W czasie ośmiu lat sporów sądowych dwukrotnie zmieniał się właściciel LINK4 oraz zarząd spółki. Firma całkowicie zmieniła strategię i od 6 lat z sukcesami współpracuje z pośrednikami. Co miesiąc zwiększa się liczba agentów, którzy chcą sprzedawać polisy LINK4. W tej chwili jest to ponad 15 000 osób w całej Polsce, które odpowiadają za sprzedaż 50 proc. polis LINK4. W ostatnim badaniu opinii agentów na temat firm ubezpieczeniowych, z którymi pośrednicy najchętniej współpracują, LINK4 znalazł się na 3 miejscu wśród 24 towarzystw.- mówi Łukasz Jantz, dyrektor pionu sprzedaży agencyjnej w LINK4.

Opinie szefów i właścicieli największych multiagencji w Polsce na temat LINK4


Igor Rusinowski – prezes zarządu i współwłaściciel UNILINK SA

Współpracę z LINK4 rozpoczęliśmy na początku 2010 r. jako pierwszy partner agencyjny. Razem z LINK4 zbudowaliśmy od zera model sprzedaży i obsługi klienta w kanale agencyjnym. Cenimy sobie tę współpracę przede wszystkim ze względu na sprawność informatyczną i procesową zarówno na etapie sprzedaży jak i obsługi posprzedażowej.

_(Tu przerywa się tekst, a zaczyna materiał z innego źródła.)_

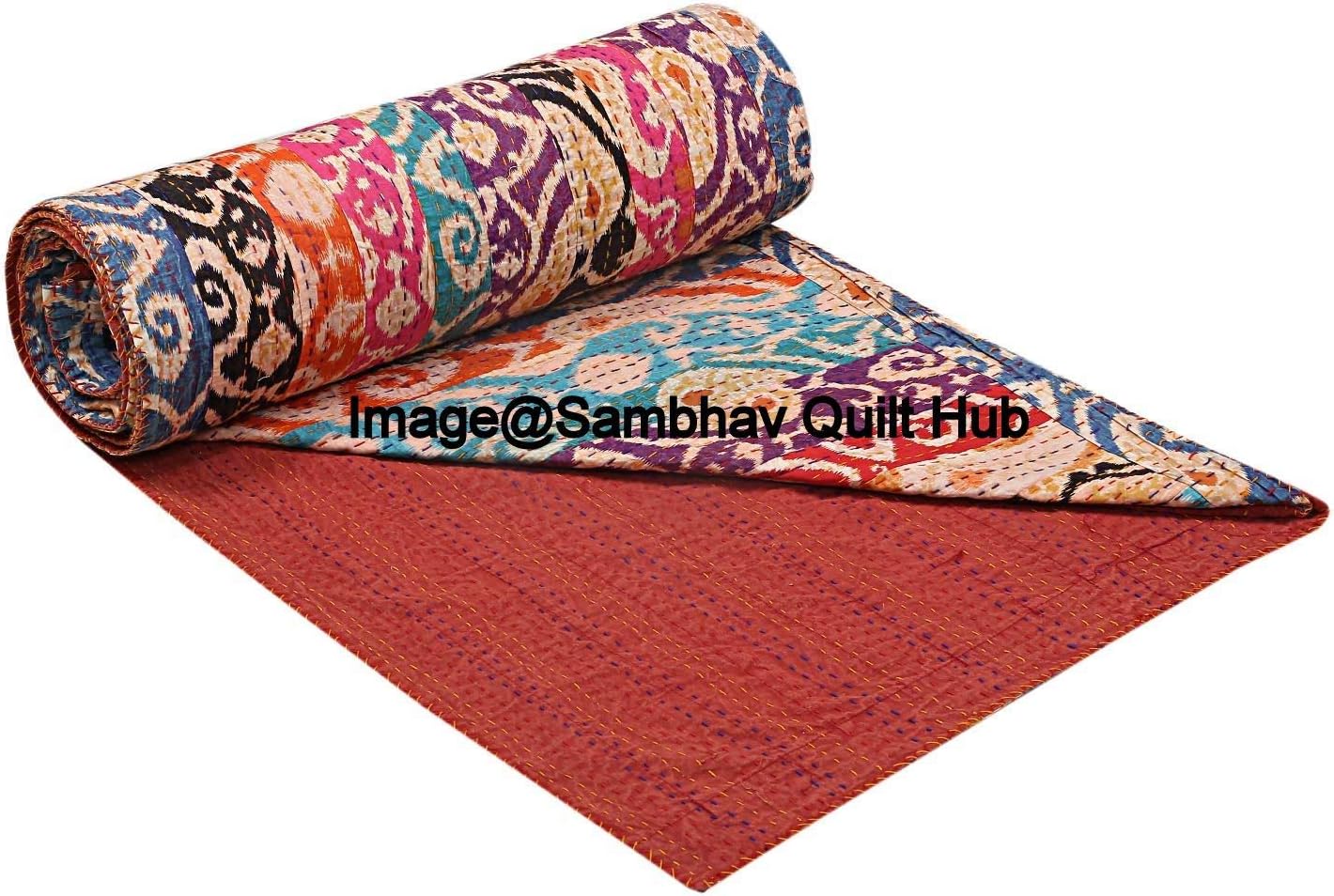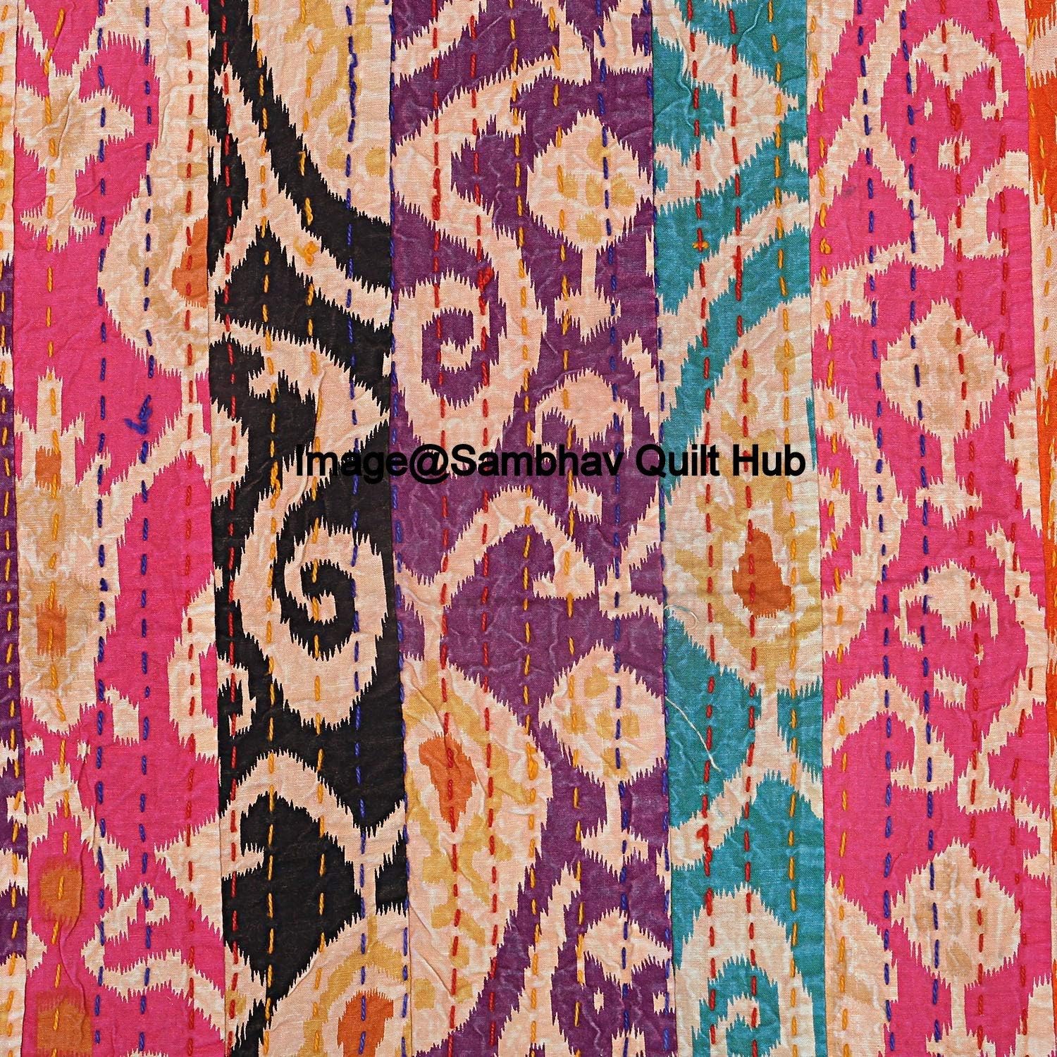 Made with 100% cotton and natural vegetable colors. This piece is of art is completely hand stitched by Women artisan in Rajasthan, India. It can make any room alive with its vivid colors, stunning Floral Floral print and embroidery, made using traditional and famous kantha hand embroidery method. Made from two thin layer of cotton fabric make this piece of art irresistible and also very comfortable. Adding to it's style, this kantha quilt is reversible and both sides can be used. Kantha is still the most popular form of embroidery practiced by rural women.typically use old saris and cloth and layer them with kantha stitch to make a light blanket, throw or bedspread. These cotton lightweight "Quilts" with a beautiful and colorful Paisley design can be used as 1. Bedspread , Bedding Throw , Blanket Or Quilt 2. A Summer Bed Cover 3. A Throw 4. A Fabulous Picnic Rug 5. Nice Bedroom Quilt , This can fit to a 90 x 108/60*90/108X108 inch's wide King/Twin size bed as blanket or throw or can easily fit as bedspread / bed cover to King/Twin bed .Size Twin (60X90), Queen Size (90X108 inch), King Size (108X108) inch

Arkadiusz Świercz, prezes zarządu i udziałowiec Consultia Sp. z o.o.

LINK4 z powodzeniem współpracuje z nami od 2010 roku. W mojej ocenie inicjatywa PIPUiF-u w zakresie pozwu zbiorowego nic nie wnosi. Warto przy tym zwrócić uwagę, że warunki, które LINK4 proponuje agentom są atrakcyjne i w tym obszarze zastosowanie ma czysty pragmatyzm biznesowy osób zainteresowanych taką współpracą.

Rafał Ćwikliński, prezes zarządu Asist Sp. z o. o.

LINK4 szanuje agenta i widzi w jego pracy konkretną wartość. To ogromnie ważne, żeby w biznesie kierować się uczciwością. Kiedyś nie wszyscy o tym pamiętali. Teraz wygrywają te firmy, które tak jak LINK4, szanują agentów i doceniają ich sukcesy.